**About this exercise:** When you retype the records that follow, keep each word as it is and drop any pictures.

**Material to process:**

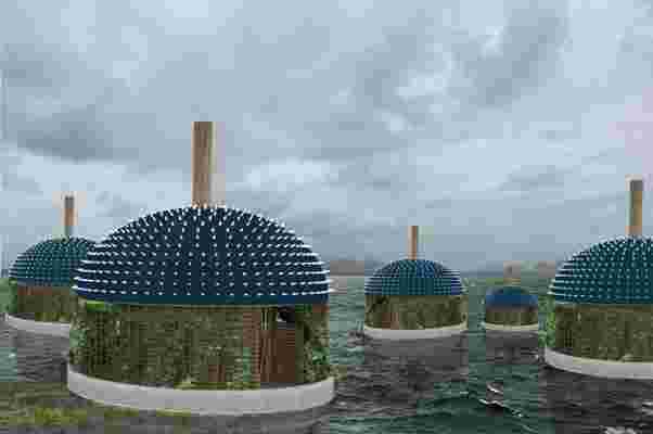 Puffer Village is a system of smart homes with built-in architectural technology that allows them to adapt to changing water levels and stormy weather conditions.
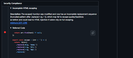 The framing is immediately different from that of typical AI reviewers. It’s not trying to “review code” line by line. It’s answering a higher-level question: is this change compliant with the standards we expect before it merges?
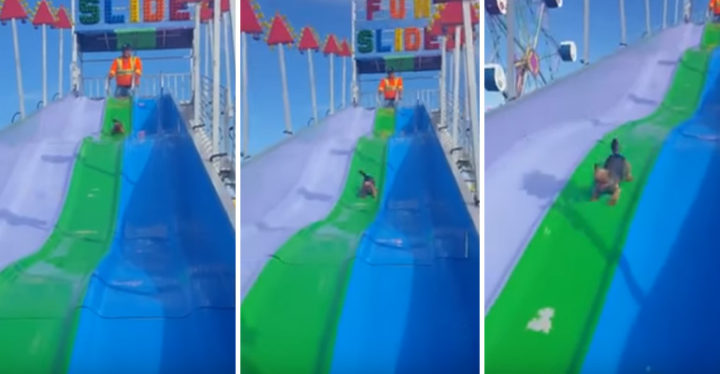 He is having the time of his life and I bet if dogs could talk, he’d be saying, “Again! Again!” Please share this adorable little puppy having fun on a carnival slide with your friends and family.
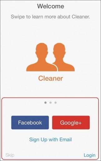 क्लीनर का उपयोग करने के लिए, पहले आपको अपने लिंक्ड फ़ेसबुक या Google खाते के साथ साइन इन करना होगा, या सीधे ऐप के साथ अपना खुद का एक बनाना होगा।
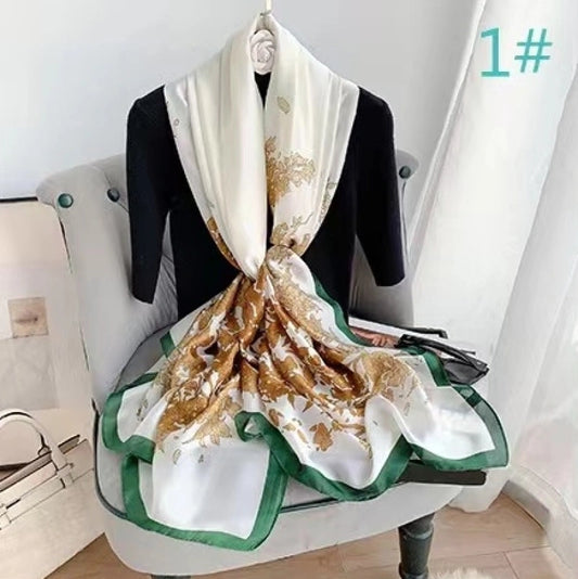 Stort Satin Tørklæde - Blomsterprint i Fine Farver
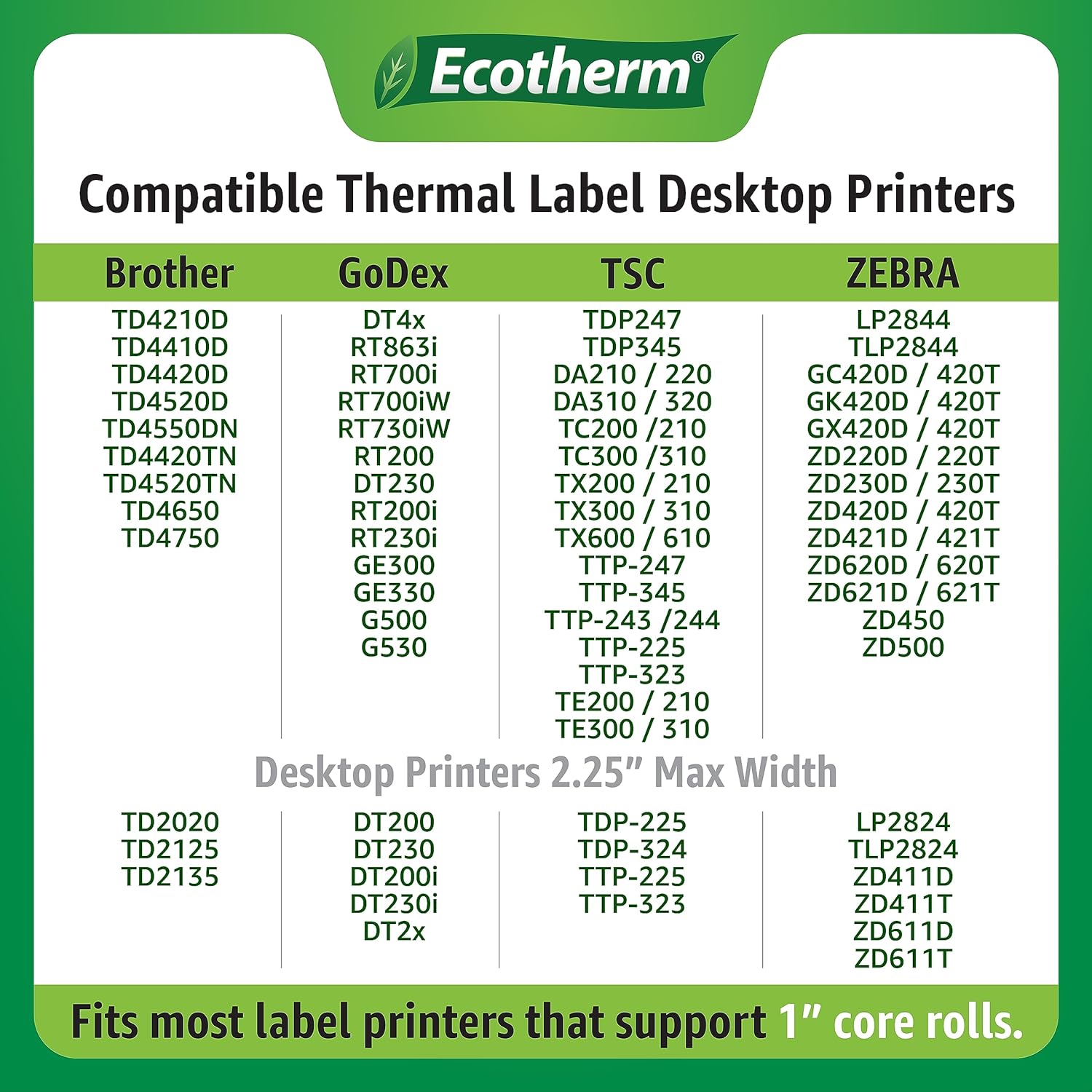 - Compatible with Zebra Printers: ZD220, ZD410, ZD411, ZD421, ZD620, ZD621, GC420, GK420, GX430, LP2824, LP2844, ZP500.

**Solution below:**
 Puffer Village is a system of smart homes with built-in architectural technology that allows them to adapt to changing water levels and stormy weather conditions.
 The framing is immediately different from that of typical AI reviewers. It’s not trying to “review code” line by line. It’s answering a higher-level question: is this change compliant with the standards we expect before it merges?
 He is having the time of his life and I bet if dogs could talk, he’d be saying, “Again! Again!” Please share this adorable little puppy having fun on a carnival slide with your friends and family.
 क्लीनर का उपयोग करने के लिए, पहले आपको अपने लिंक्ड फ़ेसबुक या Google खाते के साथ साइन इन करना होगा, या सीधे ऐप के साथ अपना खुद का एक बनाना होगा।
 Stort Satin Tørklæde - Blomsterprint i Fine Farver
 - Compatible with Zebra Printers: ZD220, ZD410, ZD411, ZD421, ZD620, ZD621, GC420, GK420, GX430, LP2824, LP2844, ZP500.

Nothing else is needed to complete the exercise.